● Required action:
Would you return the data exactly as given, except for its pictures?

● Data below:
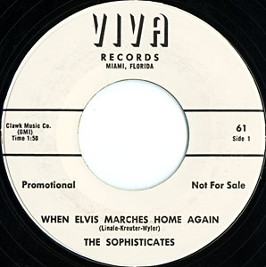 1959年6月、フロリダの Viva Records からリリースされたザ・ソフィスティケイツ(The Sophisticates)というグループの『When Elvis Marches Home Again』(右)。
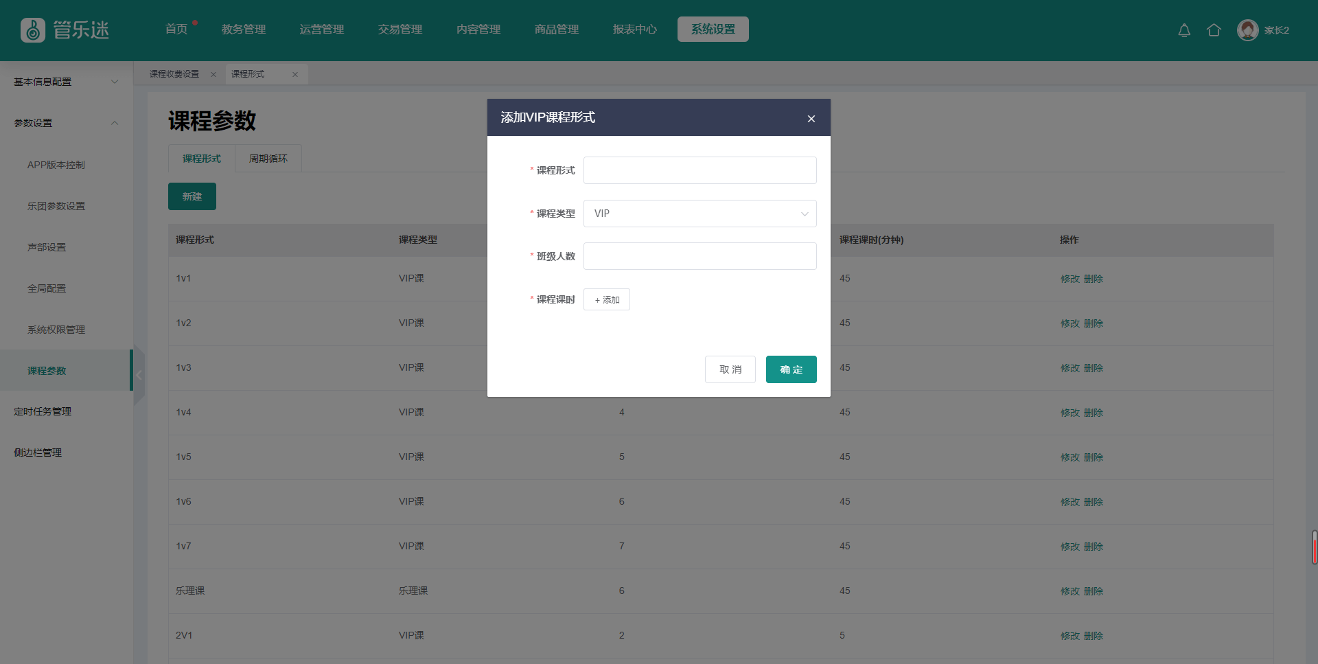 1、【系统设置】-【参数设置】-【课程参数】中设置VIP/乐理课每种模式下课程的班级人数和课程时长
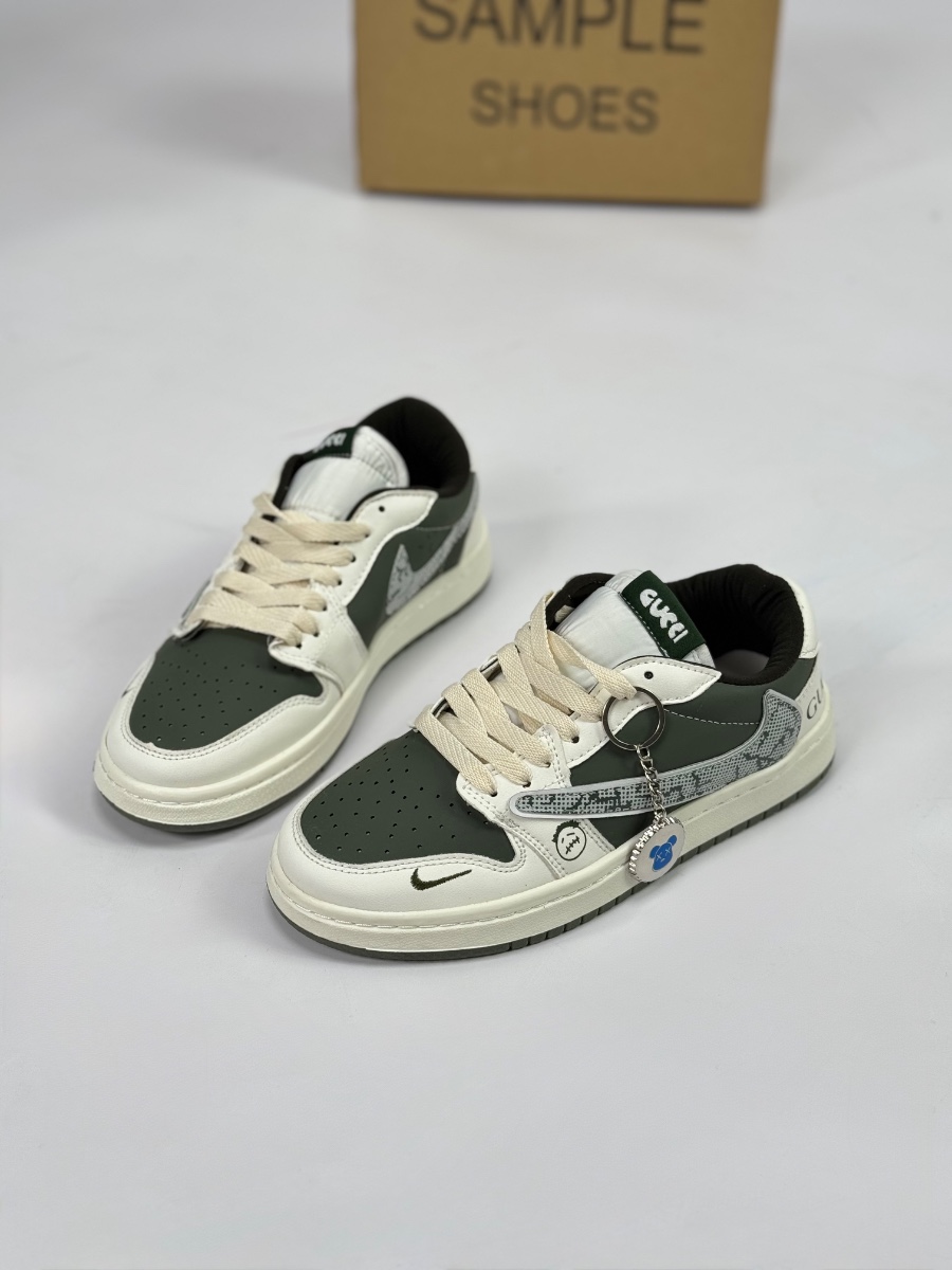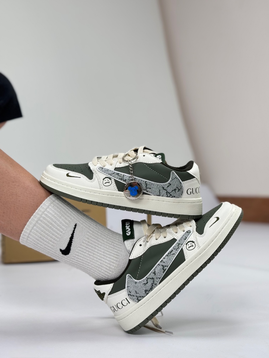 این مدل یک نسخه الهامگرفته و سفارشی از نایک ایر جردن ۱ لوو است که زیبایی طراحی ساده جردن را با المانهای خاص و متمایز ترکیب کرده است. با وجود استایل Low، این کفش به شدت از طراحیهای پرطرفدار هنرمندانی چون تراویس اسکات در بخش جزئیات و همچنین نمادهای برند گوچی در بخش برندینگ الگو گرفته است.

● Expected answer:
 1959年6月、フロリダの Viva Records からリリースされたザ・ソフィスティケイツ(The Sophisticates)というグループの『When Elvis Marches Home Again』(右)。
 1、【系统设置】-【参数设置】-【课程参数】中设置VIP/乐理课每种模式下课程的班级人数和课程时长
 این مدل یک نسخه الهامگرفته و سفارشی از نایک ایر جردن ۱ لوو است که زیبایی طراحی ساده جردن را با المانهای خاص و متمایز ترکیب کرده است. با وجود استایل Low، این کفش به شدت از طراحیهای پرطرفدار هنرمندانی چون تراویس اسکات در بخش جزئیات و همچنین نمادهای برند گوچی در بخش برندینگ الگو گرفته است.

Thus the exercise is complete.